What you should do » Every record below should be repeated exactly. Omit the pictures.

Given information »
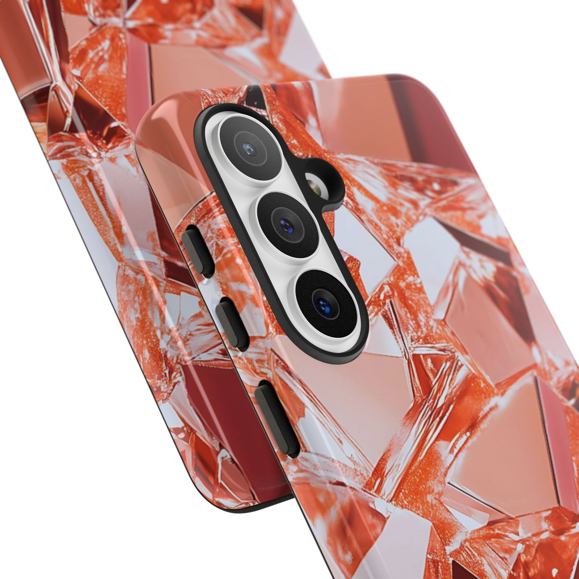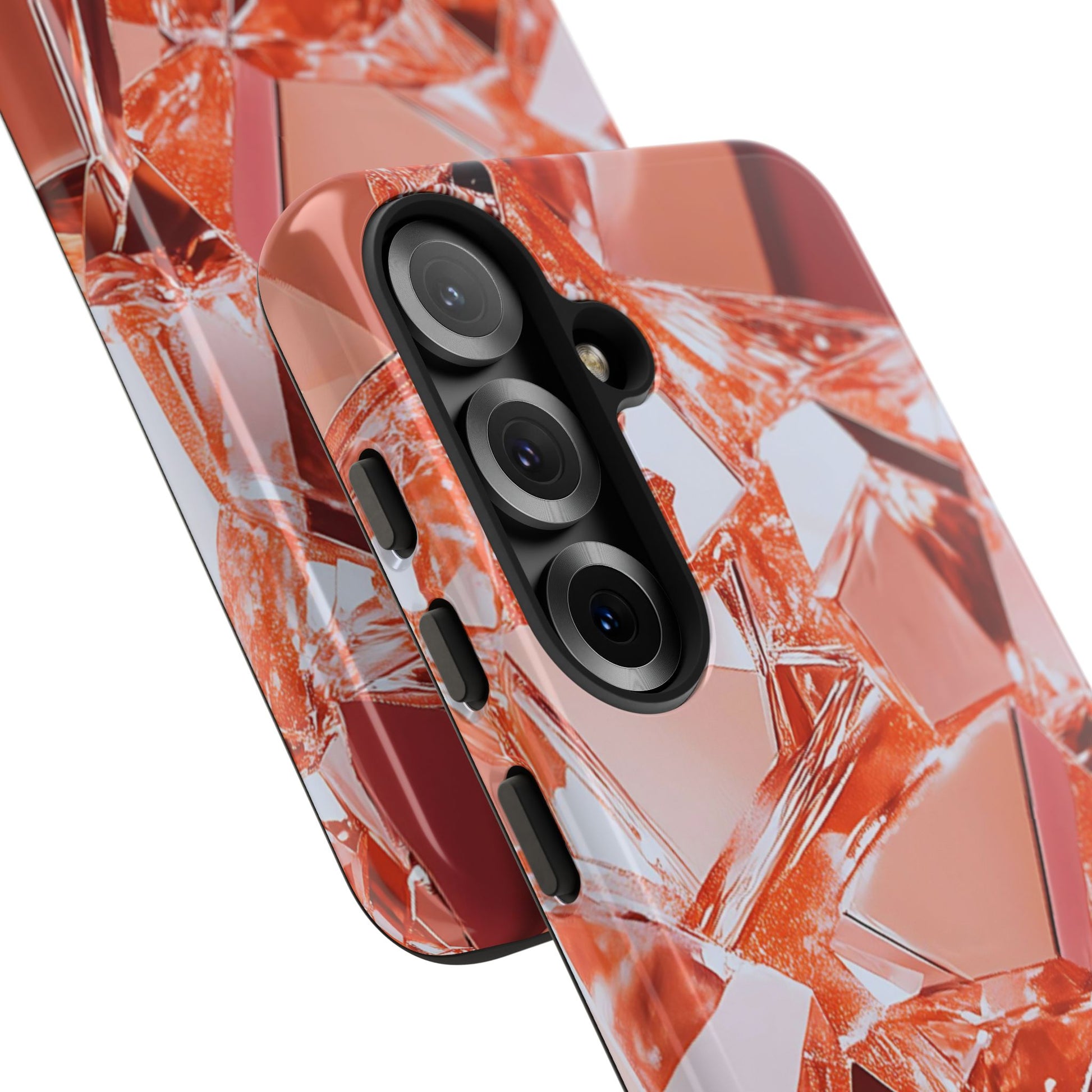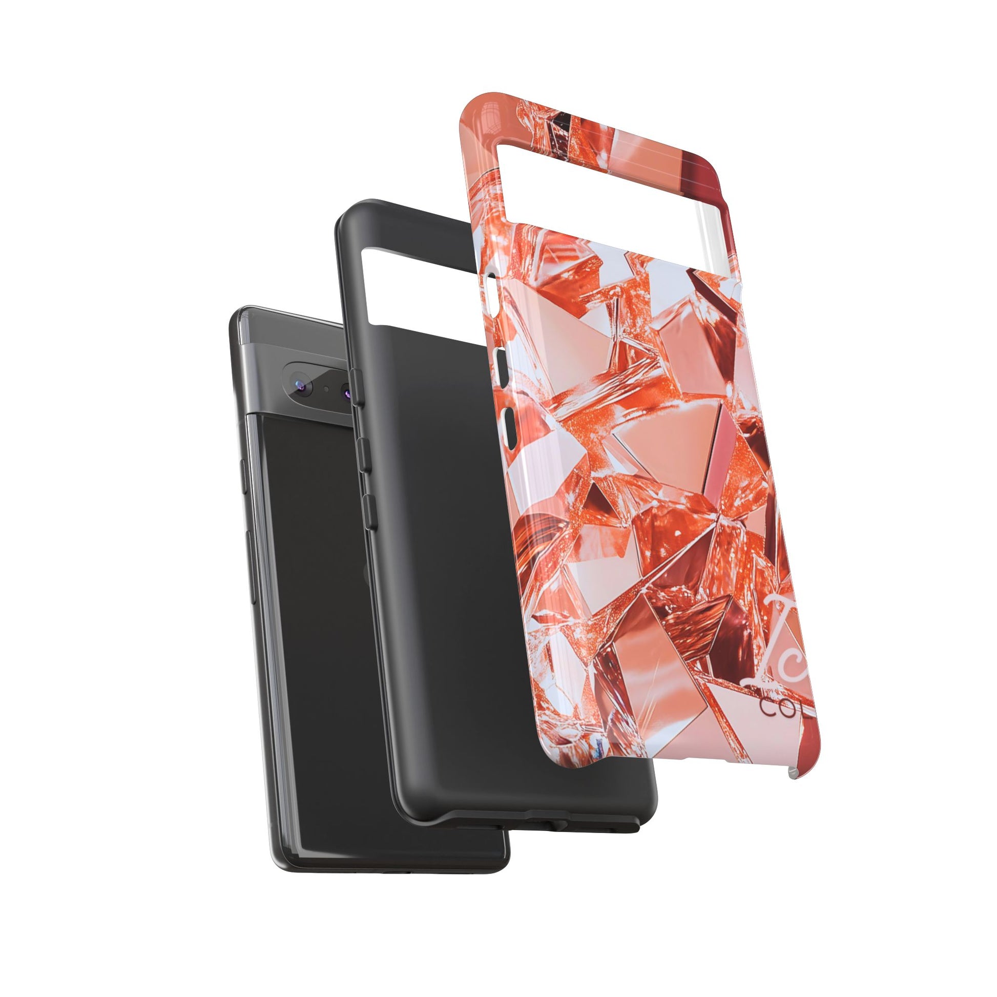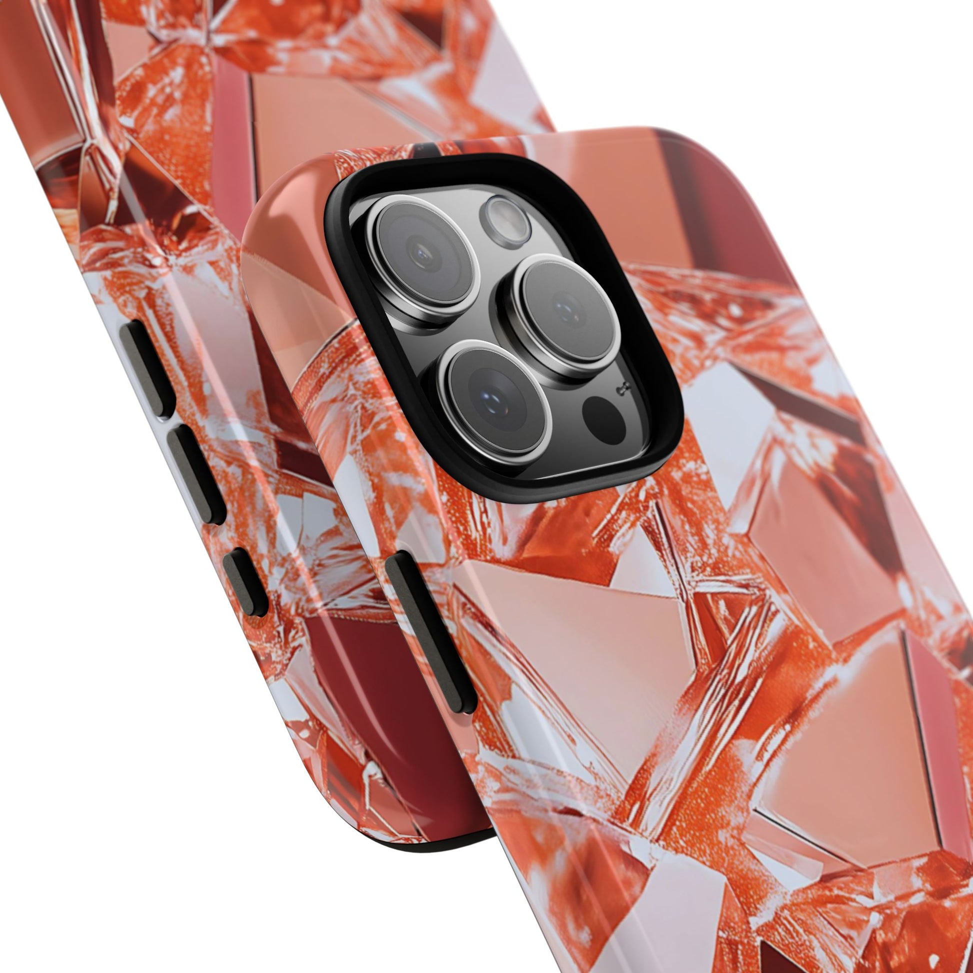 This protective phone case brings a warm, faceted sparkle to everyday carry. The design features a close-up mosaic of rose-gold shards that catch the light and read like a modern gemstone—lively highlights, soft metallic tones, and an all-over wrap that continues around the edges. Built as a dual-layer shell with a smooth TPU silicone liner, it cushions drops and resists wear while keeping ports open and wireless charging usable.
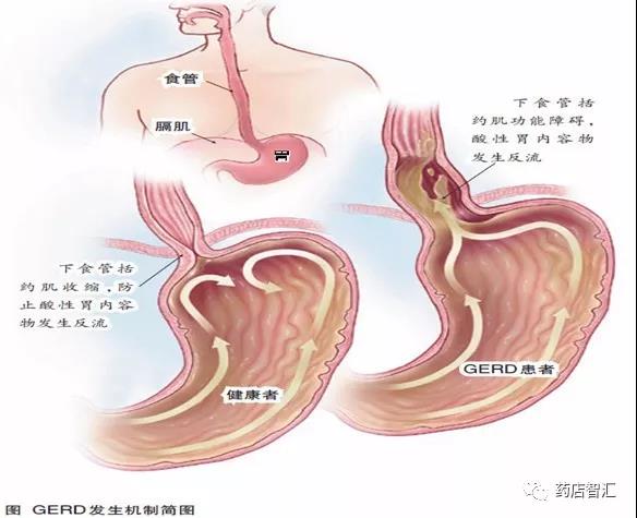 如果贲门或者括约肌其中一个部位出现其它因素的刺激或者病变,就会撕开一条口子,进入胃里的一部分食物会沿着这个口子向上反流,引起胃部灼热、打嗝、返酸等等。有时甚至会刺激到咽喉,引起咽喉不适,就像上文中的那位阿姨。有小部分药店人缺乏专业知识,会把这种症状误诊为咽喉炎。
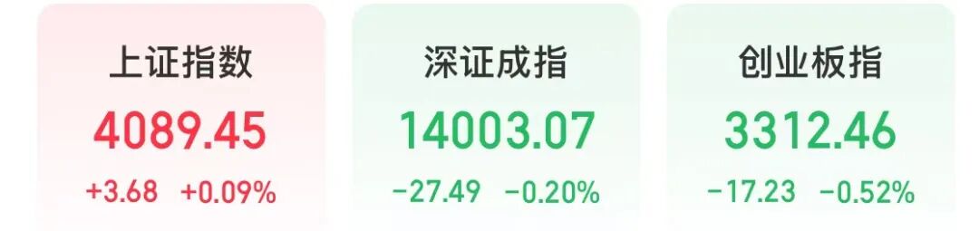 截至上午收盘,上证指数上涨0.09%,深证成指下跌0.2%,创业板指下跌0.52%。
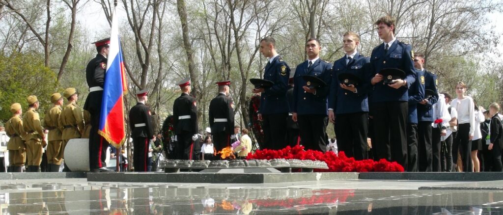 К мемориалу «Вечный огонь славы» в Братском саду города Астрахани направилась делегация, включавшая членов Бюро Центрального совета Всероссийской организации ветеранов, представителей администрации Губернатора Астраханской области и муниципального образования «Городской округ Астрахань». В числе участников были также курсанты Каспийского института морского и речного транспорта им. ген.-адм. Ф.М. Апраксина, которые внесли свой вклад в торжественную церемонию возложения венков.
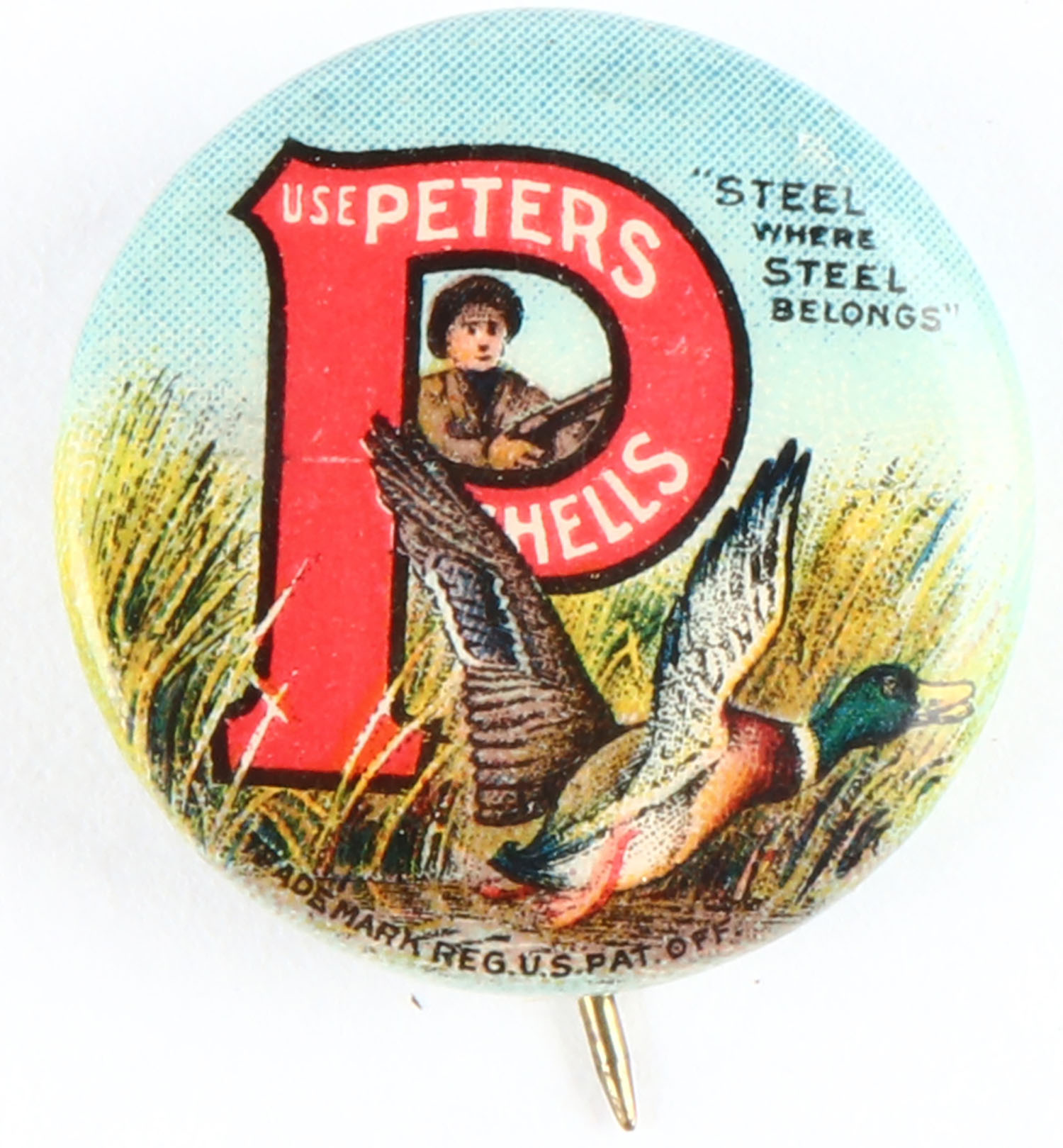 Peters Pinback, pictures a man duck hunting inside a large red P & mallard duck, 7/8'', Bastain Bros paperback, pin is solid & paperback shows minor age soiling . Grade: Excellent - Value: 16 to 60
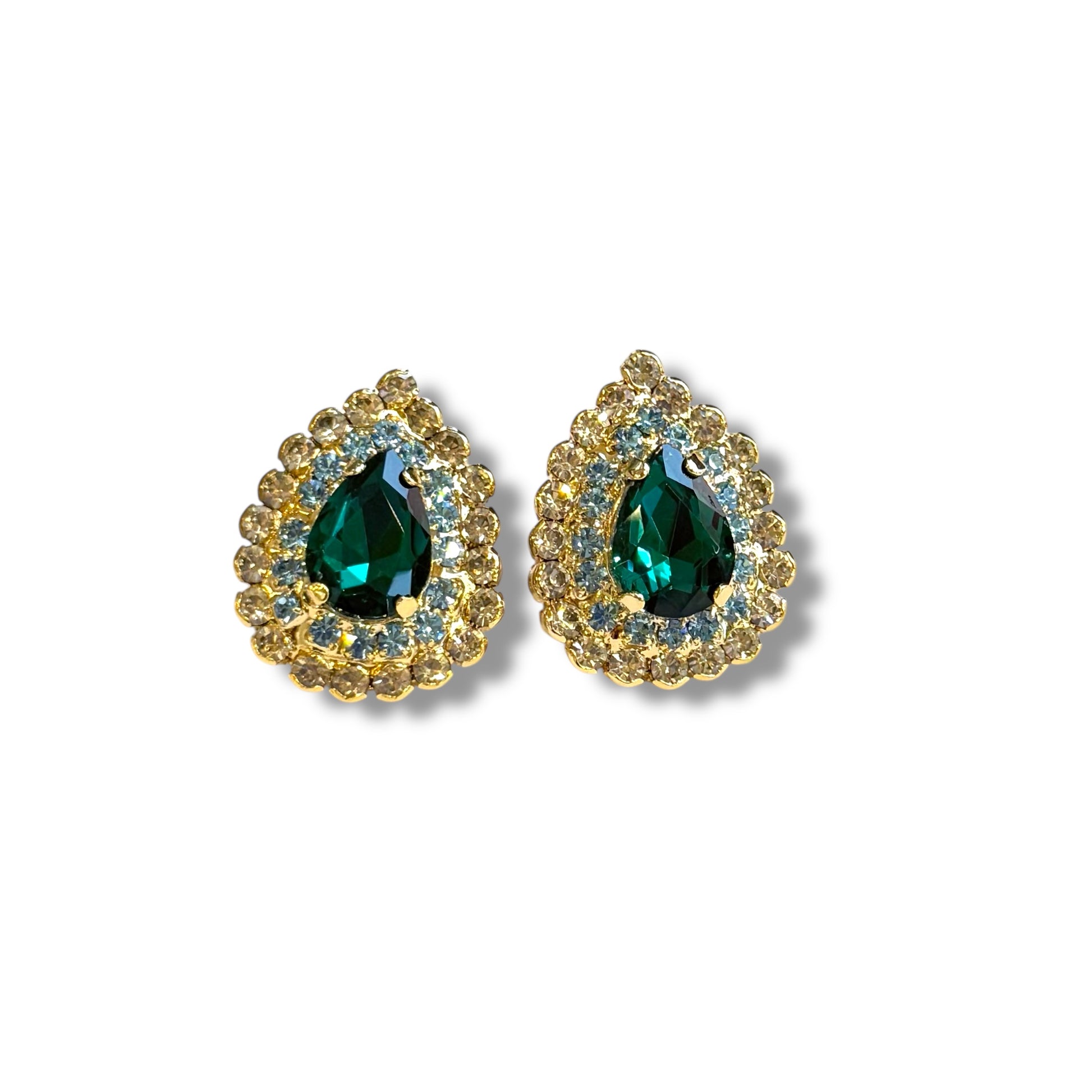 Orecchini a lobo in ottone anallergico con base dorata, con pietre nei colori smeraldo,celeste e crystal.
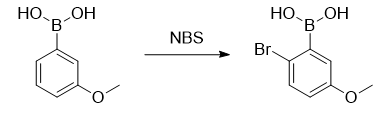 在氩气气氛下,将300毫升茄形烧瓶中加入3-甲氧基基硼酸(9.12g,60.0mmol),三膦硫化物(932mg,6.00mmol),二氯甲烷(200ml),将其搅拌以形成均匀溶液。向其中加入n-溴琥珀酰亚胺(13.0g,72.0mmol),并将混合物在室温搅拌2天。向反应混合物中加入饱和硫代钠水溶液以终止反应,然后用二氯甲烷(100ml×3)萃取。合并的有机层用饱和盐水洗涤,然后经钠干燥。过滤后,将其减压浓缩以获得粗产物。将其通过硅胶柱色谱法(290g,正己烷/丙酮=1/1)纯化,得到2-溴-5-甲氧基基硼酸(8.45g,36.6mmol),产率61.0%)。
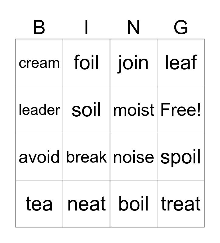 This bingo card has 17 words: boil, tea, join, cream, break, leaf, spoil, moist, Free!, soil, neat, noise, leader, foil, avoid, please and treat.

Final answer »
 This protective phone case brings a warm, faceted sparkle to everyday carry. The design features a close-up mosaic of rose-gold shards that catch the light and read like a modern gemstone—lively highlights, soft metallic tones, and an all-over wrap that continues around the edges. Built as a dual-layer shell with a smooth TPU silicone liner, it cushions drops and resists wear while keeping ports open and wireless charging usable.
 如果贲门或者括约肌其中一个部位出现其它因素的刺激或者病变,就会撕开一条口子,进入胃里的一部分食物会沿着这个口子向上反流,引起胃部灼热、打嗝、返酸等等。有时甚至会刺激到咽喉,引起咽喉不适,就像上文中的那位阿姨。有小部分药店人缺乏专业知识,会把这种症状误诊为咽喉炎。
 截至上午收盘,上证指数上涨0.09%,深证成指下跌0.2%,创业板指下跌0.52%。
 К мемориалу «Вечный огонь славы» в Братском саду города Астрахани направилась делегация, включавшая членов Бюро Центрального совета Всероссийской организации ветеранов, представителей администрации Губернатора Астраханской области и муниципального образования «Городской округ Астрахань». В числе участников были также курсанты Каспийского института морского и речного транспорта им. ген.-адм. Ф.М. Апраксина, которые внесли свой вклад в торжественную церемонию возложения венков.
 Peters Pinback, pictures a man duck hunting inside a large red P & mallard duck, 7/8'', Bastain Bros paperback, pin is solid & paperback shows minor age soiling . Grade: Excellent - Value: 16 to 60
 Orecchini a lobo in ottone anallergico con base dorata, con pietre nei colori smeraldo,celeste e crystal.
 在氩气气氛下,将300毫升茄形烧瓶中加入3-甲氧基基硼酸(9.12g,60.0mmol),三膦硫化物(932mg,6.00mmol),二氯甲烷(200ml),将其搅拌以形成均匀溶液。向其中加入n-溴琥珀酰亚胺(13.0g,72.0mmol),并将混合物在室温搅拌2天。向反应混合物中加入饱和硫代钠水溶液以终止反应,然后用二氯甲烷(100ml×3)萃取。合并的有机层用饱和盐水洗涤,然后经钠干燥。过滤后,将其减压浓缩以获得粗产物。将其通过硅胶柱色谱法(290g,正己烷/丙酮=1/1)纯化,得到2-溴-5-甲氧基基硼酸(8.45g,36.6mmol),产率61.0%)。
 This bingo card has 17 words: boil, tea, join, cream, break, leaf, spoil, moist, Free!, soil, neat, noise, leader, foil, avoid, please and treat.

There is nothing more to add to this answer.